Assigned task >>
Apart from pictures, transcribe exactly each line from the one containing "With the app’s" through the final line of the listing below.

Information shown >>

=====

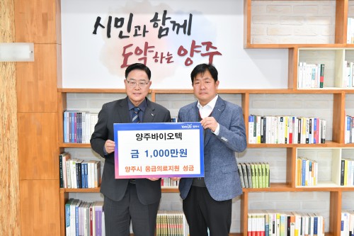 ¾çÁÖ½Ã(½ÃÀå °¼öÇö)´Â Áö³ 21ÀÏ ¾çÁÖ¹ÙÀÌ¿ÀÅ×Å©(´ëÇ¥ ¼ÛÀθ¸)¿¡¼ ½ÃûÀ» ¹æ¹®ÇØ ¾çÁֽà ÀÀ±Þ ÀÇ·á Áö¿øÀ» À§ÇØ ½á´Þ¶ó¸ç ¼º±Ý ÀÏõ¸¸¿øÀ» ±âºÎÇß´Ù°í ¹àÇû´Ù.
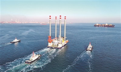 1月22日,由中船武汉船机海西重机自主设计建造的两座新一代“海上移动岛”——TYPE3 PRO型自升式海上作业支持平台,从青岛西海岸新区启航,发往中东波斯湾海域交付。该型平台集作业高效、绿色环保与网络安全等先进性能于一身。 ■新华社发
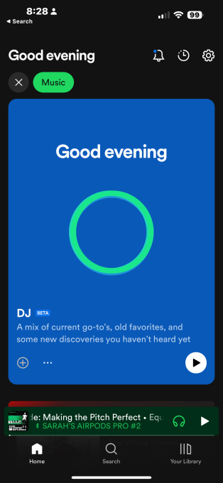 With the app’s revamp, the DJ will appear at the top of the screen under the Music subfeed for subscribers, serving both as a lean-back way to stream favorite music and as a means to push free users to upgrade.
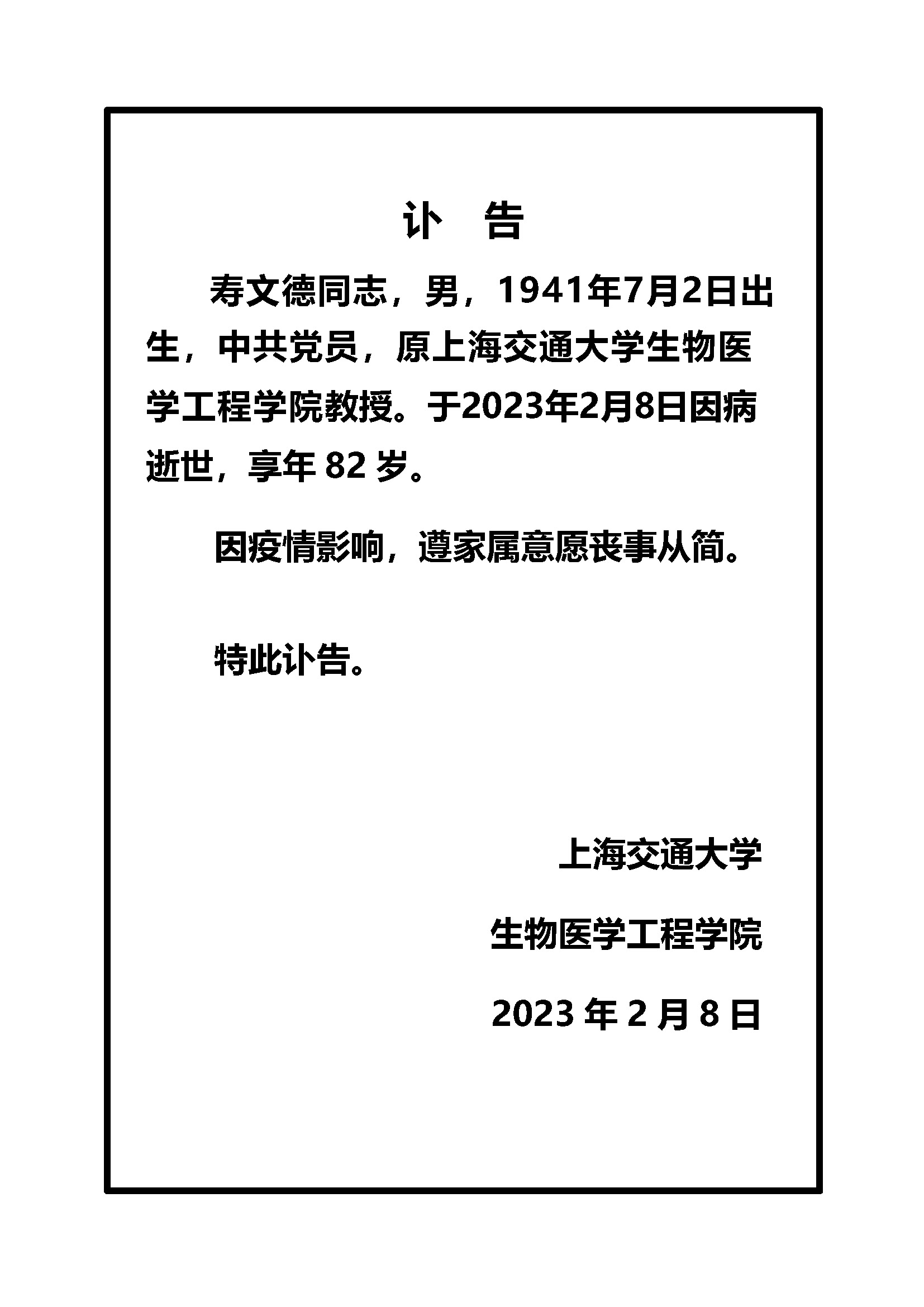 寿文德同志讣告

=====

Final answer >>
 With the app’s revamp, the DJ will appear at the top of the screen under the Music subfeed for subscribers, serving both as a lean-back way to stream favorite music and as a means to push free users to upgrade.
 寿文德同志讣告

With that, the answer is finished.